1. A natural gas cold box characterized by: Includes an outer shell (1), an insulating interlayer (101) is installed inside the outer shell (1), the outer shell (1) is detachably installed via a connecting flange assembly (2), and a composite heat exchange unit is provided inside the outer shell (1), the composite heat exchange unit includes an inner spiral tube (301) and an outer baffle tube (302) arranged coaxially. A maintenance channel (4) is formed between the outer shell (1) and the composite heat exchange unit, and a sliding mirror reflector (5) is provided on the maintenance channel (4).

2. The natural gas cold box of claim 1, wherein: The connecting flange assembly (2) includes a fixing hole, a self-sealing ring, fixing bolts, and fixing nuts on the flange.
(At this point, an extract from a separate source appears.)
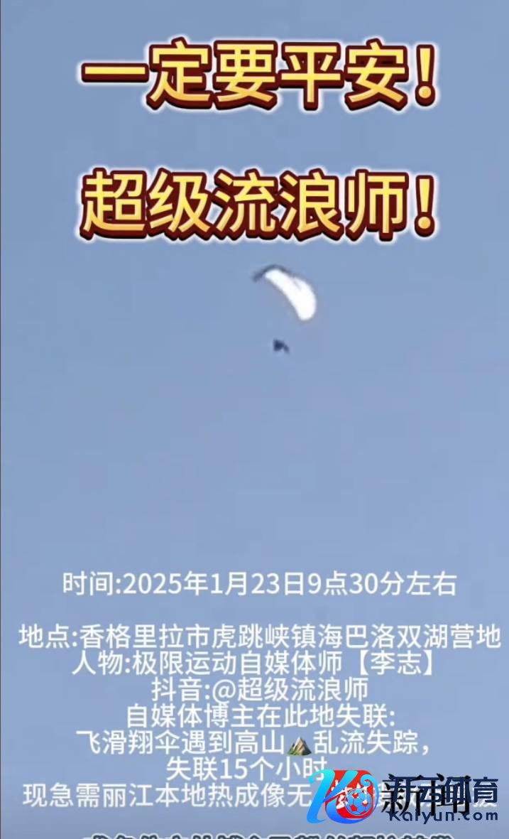 1月24日凌晨,网友“金鱼快跑”在支吾平台发布求救音讯称,其男友户外极限伙同博主李志(网名“超等流浪师” )于1月23日上昼9:30在哈巴雪山飞滑翔伞时,遭遇峻岭乱流后失散。记者获悉,事发后,虎跳峡镇政府、云南省登山户外伙同协会以及关联部门东谈主员已组织伸开援救。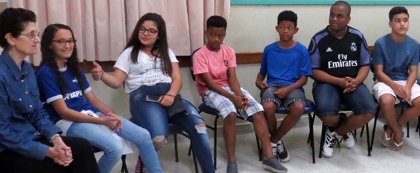 Durante o Encontro de Ex-alunos, os adolescentes vivenciaram um momento de reflexão, motivado pelo filme “A Corrente do Bem”. IMG_4406Eles, também, visitaram os diferentes espaços pedagógicos do educandário e reencontraram docentes, estudantes e funcionários que, até o 5º Ano do Ensino Fundamental, fizeram parte do seu cotidiano.

3. The natural gas cold box of claim 1, wherein: The outer baffle (302) is made of aluminum alloy.

4. The natural gas cold box according to claim 1, characterized in that: The outer baffle cylinder (302) is provided with a plurality of baffle plates (303), and the plurality of baffle plates (303) are equidistantly arranged along the axial / circumferential direction of the outer baffle cylinder (302). The baffle plates (303) are made of corrugated stainless steel plates.

5. The natural gas cold box of claim 4, wherein: The baffle plate (303) has a flow guide hole (304) at the crest, and the spacing of the flow guide hole (304) decreases along the airflow direction.

6. The natural gas cold box of claim 1, wherein: The maintenance passage (4) is equipped with a guide plate (401), and the guide plate (401) is installed on the insulation interlayer (101); The guide plate (401) has a guide slot (402) corresponding to the mirror reflector (5), and the guide slot (402) is adapted to the mirror reflector (5). The mirror reflector (5) can be slidably installed on the maintenance channel (4) through the guide slot (402) and the guide plate (401).

7. The natural gas cold box of any one of claims 1-6, wherein: The bottom of the outer shell (1) is provided with a liquid accumulation chamber (102), and the liquid accumulation chamber (102) is connected to the outer shell (1). A siphon tube (103) is installed on the liquid accumulation chamber (102), and the siphon tube (103) is connected to the liquid accumulation chamber (102). The liquid accumulation chamber (102) is connected to an external discharge valve through the siphon tube (103).